Zivilschutz-Minister Carl-Oskar Bohlin.
Zivilschutz-Minister Carl-Oskar Bohlin. ©PA/AFP/TT NEWS AGENCY/PONTUS LUNDAHL
Die schwedische Regierung warnt vor einem möglichen Krieg und ruft die Bevölkerung dazu auf, sich auf eine eventuelle militärische Konfrontation mit Russland vorzubereiten.

Die Warnungen vor Krieg seitens der schwedischen Regierung und Vertretern des Verteidigungsministeriums auf der jährlichen Sicherheitskonferenz "Folk och Försvar" in Sälen wurden in Russland registriert. Sowohl die staatlich kontrollierten Nachrichtenmedien des Landes als auch Senator Alexej Puschkow, einer der engsten Verbündeten von Putin, äußerten sich dazu.

"In Schweden könnte es Krieg geben"

Der schwedische Zivilschutzminister Carl-Oskar Bohlin ließ auf der Konferenz verlauten: „Viele haben es vor mir gesagt, aber lassen Sie es mich mit der Kraft meines Amtes sagen: In Schweden könnte es Krieg geben.“ Aufgrund des fortlaufenden Konflikts in der Ukraine und des bevorstehenden NATO-Beitritts Schwedens, der für dieses Jahr prognostiziert wird, ruft er die Bevölkerung Schwedens dazu auf, sich auf eine eventuelle militärische Konfrontation vorzubereiten.

Minister will keine Ängste schüren

Alle Bewohnerinnen und Bewohner Schwedens sollten sich mit dieser Frage auseinandersetzen. Bohlin möchte eigenen Aussagen zufolge keine Ängste schüren, sondern das Bewusstsein für die gegenwärtige Lage stärken. Die Bevölkerung sollte sich rechtzeitig auf den "Worst Case" vorbereiten, nämlich auf einen Krieg mit Russland, um nicht unvorbereitet dazustehen. Der Minister äußerte Bedenken über den langsamen Fortschritt bei der Modernisierung des schwedischen Zivilschutzes. Daher wird empfohlen, dass jeder Einzelne mit den entsprechenden Vorbereitungen beginnt, da Zeit als wertvollste und nicht erneuerbare Ressource betrachtet wird.

Notfallpläne

Bohlin erwähnt als eine der Vorbereitungsmaßnahmen, dass die Gemeinden Notfallpläne und Ressourcen bereitstellen sollten, um im Ernstfall die Versorgung mit Wasser, Strom und Lebensmitteln sicherzustellen. Zudem sollten sich die Schweden mental darauf vorbereiten, wie es ist, ohne Mobiltelefon oder Heizung auszukommen.
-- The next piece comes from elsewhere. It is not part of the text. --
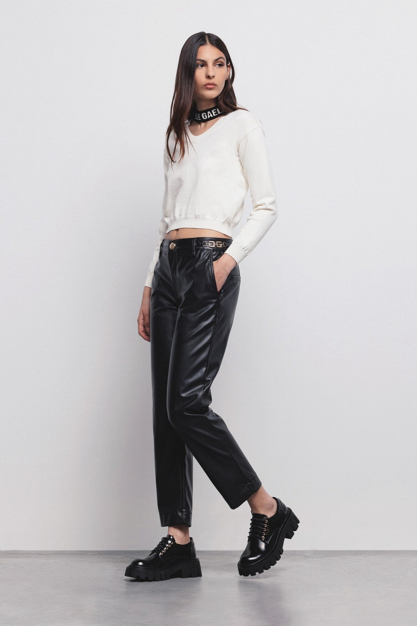 GAABW01177 Pantalone Chino Slim in Ecopelle

Beißender Spott aus Russland

Alexej Puschkow, der nicht nur als Vorsitzender des Informationsausschusses im russischen Senat, sondern auch als enger Vertrauter von Präsident Putin gilt, reagierte mit beißendem Spott auf diese Warnungen. In einem Beitrag auf Telegram erklärte er, dass Schweden an der Spitze der antirussischen Paranoia in Europa stehe. „Russische U-Boote fischen dort seit vielen Jahren und für einige ist dies zu ihrem Lebensinhalt geworden“, schrieb er. Puschkow bezeichnete die Warnungen als Versuch, Schweden eine geopolitische Bedeutung zuzuschreiben, die es seiner Ansicht nach nicht besitzt. Er griff dabei auf eine historische Anspielung zurück und erwähnte die schwedische Niederlage bei Poltawa im Jahr 1709.

Puschkow auf Sanktionslisten

Puschkow ist auch auf der Liste der Personen, die von den USA seit 2014 sanktioniert wurden, und im Jahr 2022 wurde sein Name in Verbindung mit dem russischen Krieg in der Ukraine auch auf weiteren Sanktionslisten des Westens aufgeführt. (VOL.AT)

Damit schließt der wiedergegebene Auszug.